Wenn Wundversorger/Kompressionstherapieanbieter sowohl die ABI als auch die TBI-Auswertungsgeräte zur Verfügung haben, können sie eine breite Palette an Patienten auswerten, was sie zu einem wichtigen Stück im Mosaik der Früherkennung von pAVK (neben Hausärzten/Allgemeinmedizinern, Kardiologen, Diabetologen usw.) macht. Umso mehr, wenn sie das System der elektronischen Patientenakte (ePA) oder Diagnosegeräte mit integrierter Unterstützung für ePA nutzen, was ihnen einfaches Speichern der Diagnoseergebnisse und praktischen Datenaustausch ermöglicht.
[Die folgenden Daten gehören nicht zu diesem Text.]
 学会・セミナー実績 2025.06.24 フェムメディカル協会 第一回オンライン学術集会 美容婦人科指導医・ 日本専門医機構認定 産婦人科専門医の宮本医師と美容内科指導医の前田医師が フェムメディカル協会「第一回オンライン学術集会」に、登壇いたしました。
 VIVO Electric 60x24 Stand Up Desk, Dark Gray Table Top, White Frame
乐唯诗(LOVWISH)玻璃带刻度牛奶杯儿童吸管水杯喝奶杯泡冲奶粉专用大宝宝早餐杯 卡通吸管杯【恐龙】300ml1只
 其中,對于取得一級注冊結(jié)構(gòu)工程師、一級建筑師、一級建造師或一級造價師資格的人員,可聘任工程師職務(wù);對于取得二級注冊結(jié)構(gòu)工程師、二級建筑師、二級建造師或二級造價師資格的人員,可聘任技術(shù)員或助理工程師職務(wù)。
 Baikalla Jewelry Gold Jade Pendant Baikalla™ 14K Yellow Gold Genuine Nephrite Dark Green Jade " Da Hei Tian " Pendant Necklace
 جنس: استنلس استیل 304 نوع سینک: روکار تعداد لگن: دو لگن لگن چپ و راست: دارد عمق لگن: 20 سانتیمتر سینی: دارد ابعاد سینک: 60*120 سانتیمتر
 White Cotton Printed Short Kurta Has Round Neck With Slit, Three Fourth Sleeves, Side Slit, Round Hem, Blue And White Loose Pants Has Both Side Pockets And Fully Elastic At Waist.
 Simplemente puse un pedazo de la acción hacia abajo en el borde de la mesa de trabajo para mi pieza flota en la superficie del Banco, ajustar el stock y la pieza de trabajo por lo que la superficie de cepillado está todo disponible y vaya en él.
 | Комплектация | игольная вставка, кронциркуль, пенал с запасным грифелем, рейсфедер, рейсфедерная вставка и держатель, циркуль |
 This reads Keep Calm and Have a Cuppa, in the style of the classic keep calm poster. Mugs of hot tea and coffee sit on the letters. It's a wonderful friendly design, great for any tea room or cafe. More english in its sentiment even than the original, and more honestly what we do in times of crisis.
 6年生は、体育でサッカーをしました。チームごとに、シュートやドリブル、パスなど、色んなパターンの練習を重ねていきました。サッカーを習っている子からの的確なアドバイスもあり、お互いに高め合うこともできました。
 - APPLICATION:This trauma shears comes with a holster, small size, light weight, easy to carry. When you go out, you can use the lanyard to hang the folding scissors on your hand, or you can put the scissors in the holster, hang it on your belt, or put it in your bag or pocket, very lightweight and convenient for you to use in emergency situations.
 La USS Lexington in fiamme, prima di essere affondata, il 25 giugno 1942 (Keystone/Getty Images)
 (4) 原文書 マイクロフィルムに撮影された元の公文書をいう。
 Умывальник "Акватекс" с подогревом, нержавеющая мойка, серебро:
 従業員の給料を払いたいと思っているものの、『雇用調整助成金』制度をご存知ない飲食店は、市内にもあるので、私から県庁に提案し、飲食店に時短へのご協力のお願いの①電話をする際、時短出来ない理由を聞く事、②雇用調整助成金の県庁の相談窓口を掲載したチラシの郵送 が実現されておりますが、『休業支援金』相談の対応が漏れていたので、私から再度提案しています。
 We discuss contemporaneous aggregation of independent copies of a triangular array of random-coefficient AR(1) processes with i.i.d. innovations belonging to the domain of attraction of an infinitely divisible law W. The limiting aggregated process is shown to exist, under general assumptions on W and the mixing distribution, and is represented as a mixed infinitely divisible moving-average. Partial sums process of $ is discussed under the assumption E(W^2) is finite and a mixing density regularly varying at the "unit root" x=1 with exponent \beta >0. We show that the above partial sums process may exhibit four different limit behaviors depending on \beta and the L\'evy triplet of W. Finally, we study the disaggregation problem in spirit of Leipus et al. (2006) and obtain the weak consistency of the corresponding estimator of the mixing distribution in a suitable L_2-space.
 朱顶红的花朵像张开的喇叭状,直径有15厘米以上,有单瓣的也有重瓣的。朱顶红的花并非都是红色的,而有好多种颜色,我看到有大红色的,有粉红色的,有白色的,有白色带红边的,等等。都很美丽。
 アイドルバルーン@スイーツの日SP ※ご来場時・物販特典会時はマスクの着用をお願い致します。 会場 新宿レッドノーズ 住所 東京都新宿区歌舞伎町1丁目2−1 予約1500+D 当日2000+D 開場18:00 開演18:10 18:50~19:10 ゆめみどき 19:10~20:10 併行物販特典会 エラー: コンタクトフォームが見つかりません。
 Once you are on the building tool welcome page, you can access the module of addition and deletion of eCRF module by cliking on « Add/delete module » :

Jedoch sollten sie aus ihrer Sicht vor allem mit der Vereinigung des TBI (und inbegriffenen Parametern) mit Wunddiagnostizierung, Heilungsraten und anderen Patientenkriterien beschäftigt sein.

Studien zeigten, dass der Absolutdruck im Zeh (höher al 30 mmHg) ein klinisch wichtiger Prädiktor des Wundheilungspotentials ist, während eine niedrige Pulswellenamplitude im Zeh mit einem größeren Risiko für Amputation oder Tod bei Patienten mit Hautläsionen und arterieller Krankheit verbunden ist [13, 14]. Im Zusammenhang damit wird die TBI-Auswertung bei der Diagnostizierung der kritischen Gliedmaßenischämie (CLI) bei Patienten mit dieser Verdachtsdiagnose empfohlen und ist in dieser Hinsicht noch genauer als der ABI [15]. Schließlich hat der TBI auch außerhalb des pAVK und chronischer Wunden einen diagnostischen Wert: ein niedriger TBI ist mit einem erhöhten Risiko für rezidivierende CVD bei Patienten mit Typ-2-Diabetes und dem Fortschreiten der diabetischen Nephropathie bei Typ-2-Diabetikern verbunden [16, 17].

Die ABI-Auswertung ist ein wertvolles und vielseitiges Mittel bei der Wundversorgung, kann jedoch bei der Beurteilung von Patienten mit inkompressiblen Arterien unzureichend sein. In dem Fall ist eine zusätzliche Auswertung in Form einer TBI-Messung notwendig.